Comparison of machine learning techniques for the identification of human activities from inertial sensors available in a mobile device after the application of data imputation techniques.

Ivan Miguel Pires1, Faisal Hussain2, Gonçalo Marques3, Nuno M Garcia4.   

Abstract

Human activity recognition (HAR) is a significant research area due to its wide range of applications in intelligent health systems, security, and entertainment games. Over the past few years, many studies have recognized human daily living activities using different machine learning approaches. However, the performance of a machine learning algorithm varies based on the sensing device type, the number of sensors in that device, and the position of the underlying sensing device. Moreover, the incomplete activities (i.e., data captures) in a dataset also play a crucial role in the performance of machine learning algorithms. Therefore, we perform a comparative analysis of eight commonly used machine learning algorithms in different sensor combinations in this work. We used a publicly available mobile sensors dataset and applied the k-Nearest Neighbors (KNN) data imputation technique for extrapolating the missing samples. Afterward, we performed a couple of experiments to figure out which algorithm performs best at which sensors' data combination. The experimental analysis reveals that the AdaBoost algorithm outperformed all machine learning algorithms for recognizing five different human daily living activities with both single and multi-sensor combinations. Furthermore, the experimental results show that AdaBoost is capable to correctly identify all the activities presented in the dataset with 100% classification accuracy.
Copyright © 2021 Elsevier Ltd.
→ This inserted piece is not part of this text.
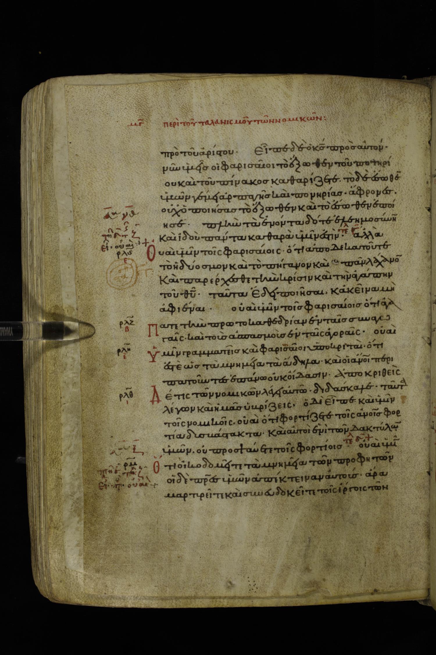 Twelfth century minuscule of the Gospels on parchment; 195 leaves, 1 column, 25 lines per column. Images were taken at the National Library of Greece in Athens.

All rights reserved.

Entities:  

Keywords:  Human activities recognition; Identification of human daily living activities; Machine learning; Mobile sensors

Year:  2021        PMID: 34256257     DOI: 10.1016/j.compbiomed.2021.104638

Source DB:  PubMed          Journal:  Comput Biol Med        ISSN: 0010-4825            Impact factor:   4.589


  2 in total

1.  Machine Learning Approach to Support the Detection of Parkinson's Disease in IMU-Based Gait Analysis.

Authors:  Dante Trabassi; Mariano Serrao; Tiwana Varrecchia; Alberto Ranavolo; Gianluca Coppola; Roberto De Icco; Cristina Tassorelli; Stefano Filippo Castiglia
Journal:  Sensors (Basel)       Date:  2022-05-12       Impact factor: 3.847

2.  Mobile sensors based platform of Human Physical Activities Recognition for COVID-19 spread minimization.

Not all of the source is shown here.